Labour’s Ready to Work plan: good idea, not sure about the details

At their party conference yesterday, Labour announced a plan, labelled Ready to Work, to give long-term unemployed young people the chance of six months’ work on environmental and community projects.

It’s a good idea, in essence. This kind of work offer helps keep people out of the despondency that unemployment can engender, and helps them acquire work skills and routines. Evaluations of a similar UK scheme, the Future Jobs Fund, were very positive, estimating that it generated a net benefit of several thousand pounds per participant, partly through avoiding long-term downward spirals of worklessness, poor health, low self-esteem, etc.

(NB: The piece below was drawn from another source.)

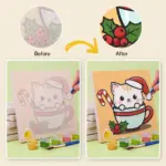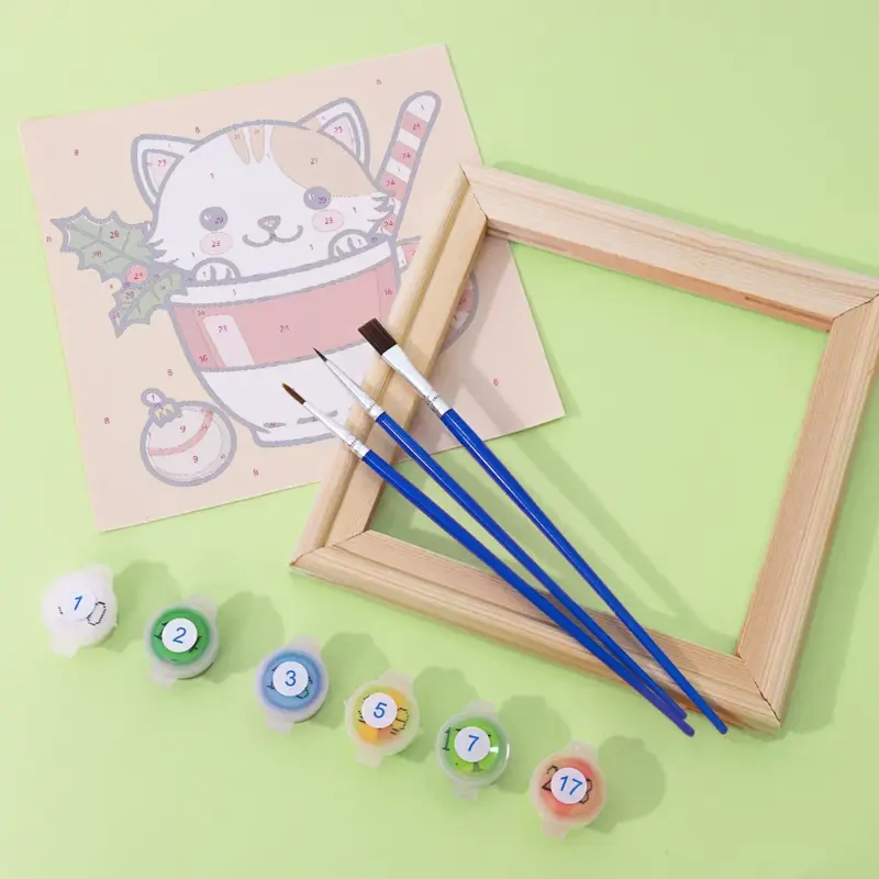 The “Sweet Kitten” Mini Paint by Numbers set features an enchanting kitten design with large eyes and fluffy fur – perfect for all animal lovers and cat enthusiasts. The loving details make painting a relaxing and heartwarming experience. The compact set is ideal for beginners, children, or as a small gift. With a pre-printed mini canvas, vibrant acrylic paints, and a brush, the sweet kitten can be brought to life with ease.

National’s attacks on the policy haven’t made much sense. Steven Joyce claims it will compete with businesses, but in fact it’s explicitly aimed at the government and NGO sectors. So the policy seems broadly fine.

The problem, as ever, is in the details. Six months is probably the right length of time, and the policy targets young people – one of the specific groups that such policies work well for – who have been unemployed for six months or so, which again is about right.

However, one minor problem is that the jobs appear to be fulltime in that six month period, which won’t leave participants time to look for the other jobs they will need once their time is up. Better designed schemes offer only part-time (20 or 30 hour) jobs to avoid that problem.

A bigger issue is that the jobs planned seem to be all in environmental areas (though there’s some vague mention of “community” projects), whereas successful overseas schemes have asked local councils and NGOs to put up bids to take participants into jobs across all the different policy areas.

This creates more competition between providers, raising the chance of the jobs being meaningful not make-work, and increases the odds of a participant finding a job in an area they are interested in.

This matters because, although Labour has been vague on this, it seems as if the scheme will be compulsory, in effect:

Asked if it would be compulsory for those young unemployed to take up job offers under the scheme, [Andrew] Little said the plan was to do everything possible to encourage them into work, including getting mentors to get them out of bed in the morning if necessary. There were sanctions already in place for those who refused work, and they would apply.

I think this is a bad idea, because that’s working for the dole, effectively, a policy widely avoided by governments of different stripes – and which has been disastrous where it was implemented, by David Cameron’s UK government. And the chance of people enjoying such jobs – and getting something useful out of them – are much reduced if they are enforced.

These concerns, however, could all be fixed in implementation, or between now and the election. In general this seems like a sound – and evidence-based – policy.